▶ WHAT YOU NEED TO DO: The records below must be copied in full; omit the images.

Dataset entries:
* * * * * * * * *

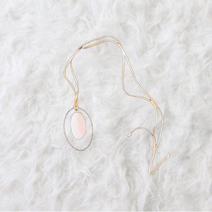 Stone is a very pale pink. It floats inside this gold hoop attached to a leather strap. Super pretty! Some texture in the gold medal and minor tarnishing
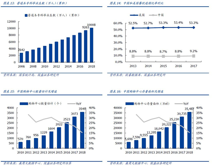 近年来购物中心主导的新消费形态快速增长,越来越多的消费者前往具备一体化消费功能的购物中心消费。根据我们的测算,从2010年到2018年,全国的购物中心数量由570家增长至3549家,CAGR达26%,且未来仍将以每年约500家的速度快速增加。购物中心的快速增长为快时尚餐饮提供了充足的生长土壤,快时尚餐饮市场规模有望随购物中心的增长快速提升。
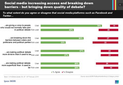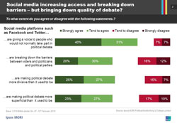Ahead of a major debate hosted by Ipsos, King’s College London and the Media Standards Trust, new research reveals that the British public has an ambivalent attitude towards the impact of social media platforms such as Facebook and Twitter on political debate.
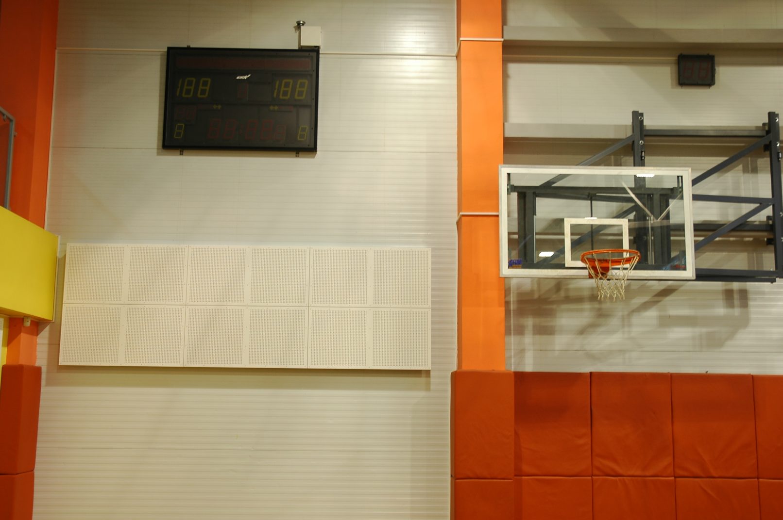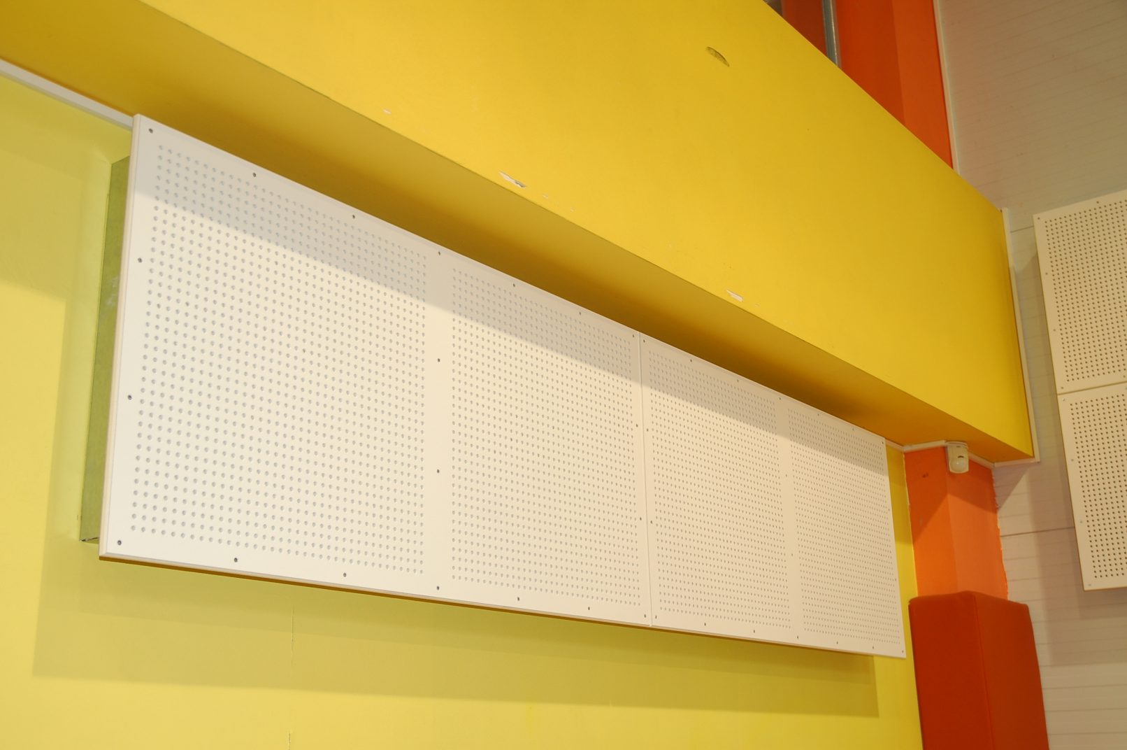 Patalpos akustikos korekcijai panaudotos dalį perteklinių žemų ir vidutinių dažnių garsų sugeriančios akustinės plokštės. Tai akustinių absorbcinių plokščių masyvai, kuriems, atlikus sudėtingus skaičiavimus, buvo parinktos atitinkamos montavimo vietos ant salės sienų ir lubų. Sistema veikia „Helmholtz“ rezonatorių principu, dalį tiesioginių garso spindulių sugerdama, o dalį atspindėdama. Šio tipo plokštės atsparios smūgiams, nereikalaujančios papildomos priežiūros. Galimi įvairūs akustinių absorbcinių plokščių dizaino variantai.
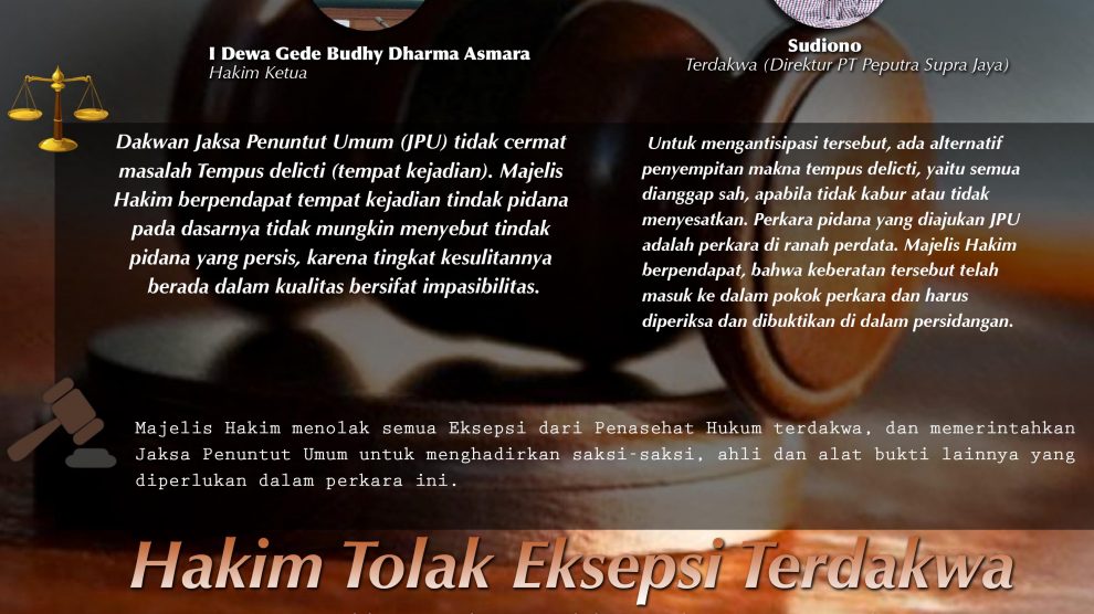 PN Pelalawan, 31 Juli 2017— Pukul 10.57 Hakim Ketua, I Dewa Gede Budhy Dharma Asmara membuka sidang yang didampingi Nurrahmi dan Andry Eswin Sugandi Oetra dengan agenda pembacaan putusan sela yang sempat tertunda minggu lalu karena terdakwa ada tugas keluar kota. Setelah Hakim Ketua, I...
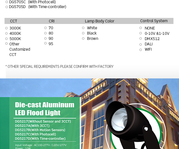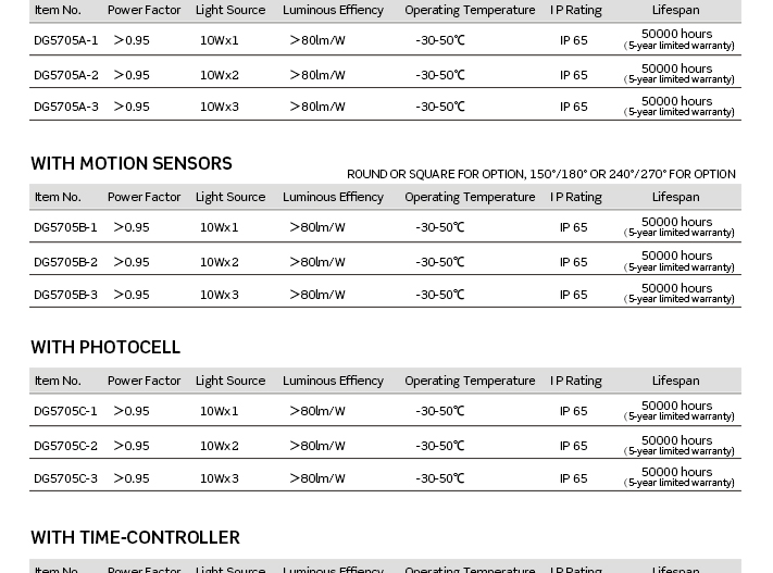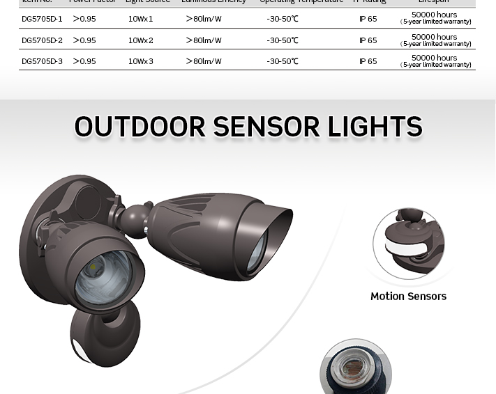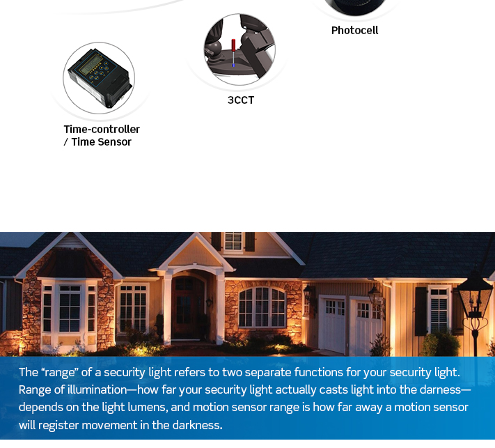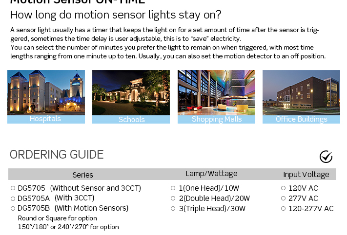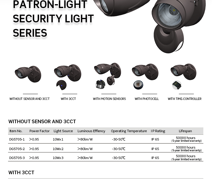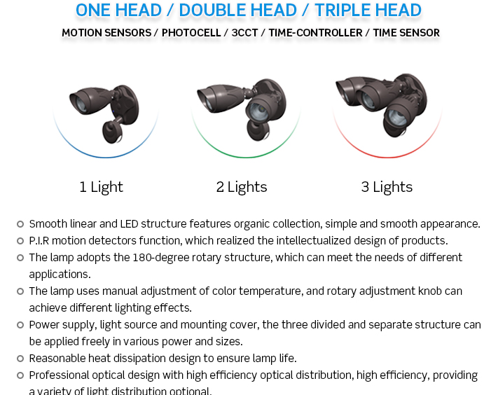 Liteharbor Patron-light Series including 1-3 Head LED Security Lights, 1 Head LED Flood Light and 1-3 Head LED Landscape Lights, have many functions such as 3CCT, Motion Sensor, Photocell, Time Sensor and etc. All the products are made of the die-cast aluminum material with IP65 waterproof Rating, Best for a variety of indoor and outdoor applications.
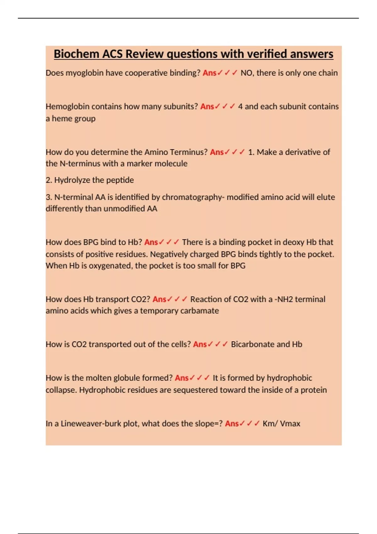 Biochem ACS Review questions with verified answers
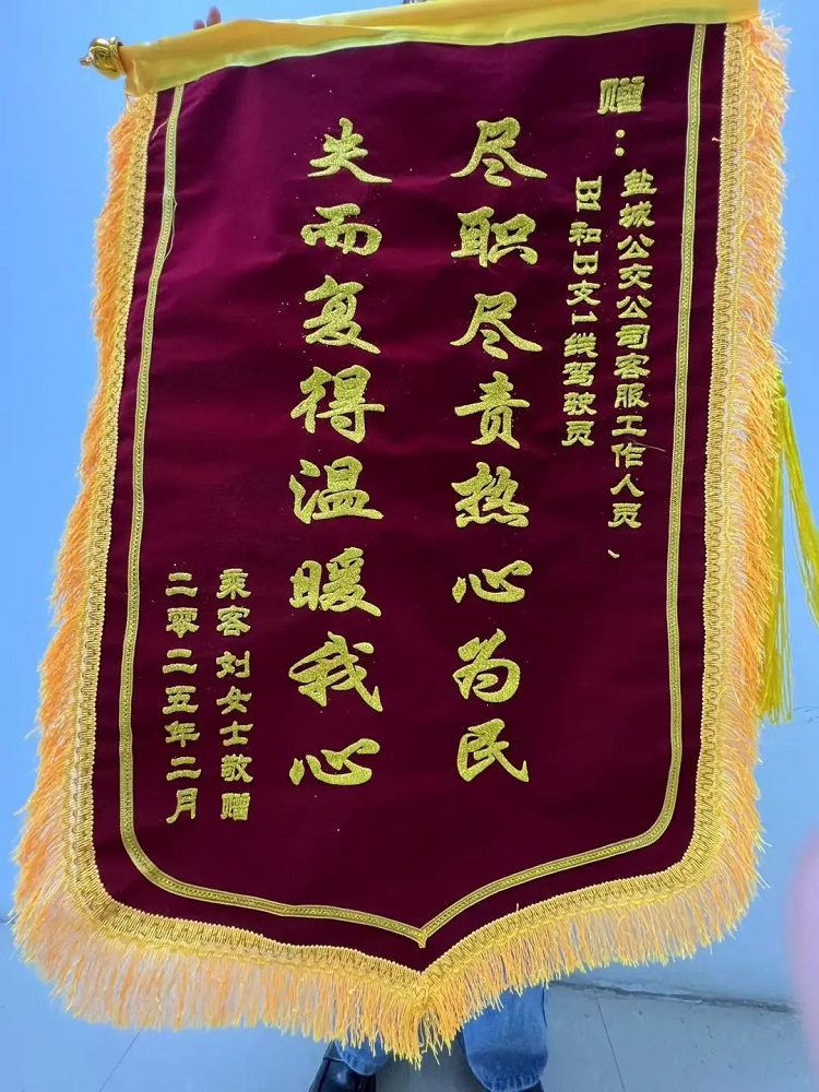 此前,市民刘女士将一面印有“尽职尽责热心为民,失而复得温暖我心”的锦旗送到一分公司后台,感谢B1线、B支1线驾驶员与后台工作人员的“超速度”帮助。原来,刘女士在一次乘车时不慎将背包遗落在车上,后台调度员通过智能系统锁定车辆,两个线路驾驶员接力排查,仅用30分钟便在车厢角落找到失物。

* * * * * * * * *

▶ SOLUTION TO THIS TASK:
 Stone is a very pale pink. It floats inside this gold hoop attached to a leather strap. Super pretty! Some texture in the gold medal and minor tarnishing
 近年来购物中心主导的新消费形态快速增长,越来越多的消费者前往具备一体化消费功能的购物中心消费。根据我们的测算,从2010年到2018年,全国的购物中心数量由570家增长至3549家,CAGR达26%,且未来仍将以每年约500家的速度快速增加。购物中心的快速增长为快时尚餐饮提供了充足的生长土壤,快时尚餐饮市场规模有望随购物中心的增长快速提升。
Ahead of a major debate hosted by Ipsos, King’s College London and the Media Standards Trust, new research reveals that the British public has an ambivalent attitude towards the impact of social media platforms such as Facebook and Twitter on political debate.
 Patalpos akustikos korekcijai panaudotos dalį perteklinių žemų ir vidutinių dažnių garsų sugeriančios akustinės plokštės. Tai akustinių absorbcinių plokščių masyvai, kuriems, atlikus sudėtingus skaičiavimus, buvo parinktos atitinkamos montavimo vietos ant salės sienų ir lubų. Sistema veikia „Helmholtz“ rezonatorių principu, dalį tiesioginių garso spindulių sugerdama, o dalį atspindėdama. Šio tipo plokštės atsparios smūgiams, nereikalaujančios papildomos priežiūros. Galimi įvairūs akustinių absorbcinių plokščių dizaino variantai.
 PN Pelalawan, 31 Juli 2017— Pukul 10.57 Hakim Ketua, I Dewa Gede Budhy Dharma Asmara membuka sidang yang didampingi Nurrahmi dan Andry Eswin Sugandi Oetra dengan agenda pembacaan putusan sela yang sempat tertunda minggu lalu karena terdakwa ada tugas keluar kota. Setelah Hakim Ketua, I...
 Liteharbor Patron-light Series including 1-3 Head LED Security Lights, 1 Head LED Flood Light and 1-3 Head LED Landscape Lights, have many functions such as 3CCT, Motion Sensor, Photocell, Time Sensor and etc. All the products are made of the die-cast aluminum material with IP65 waterproof Rating, Best for a variety of indoor and outdoor applications.
 Biochem ACS Review questions with verified answers
 此前,市民刘女士将一面印有“尽职尽责热心为民,失而复得温暖我心”的锦旗送到一分公司后台,感谢B1线、B支1线驾驶员与后台工作人员的“超速度”帮助。原来,刘女士在一次乘车时不慎将背包遗落在车上,后台调度员通过智能系统锁定车辆,两个线路驾驶员接力排查,仅用30分钟便在车厢角落找到失物。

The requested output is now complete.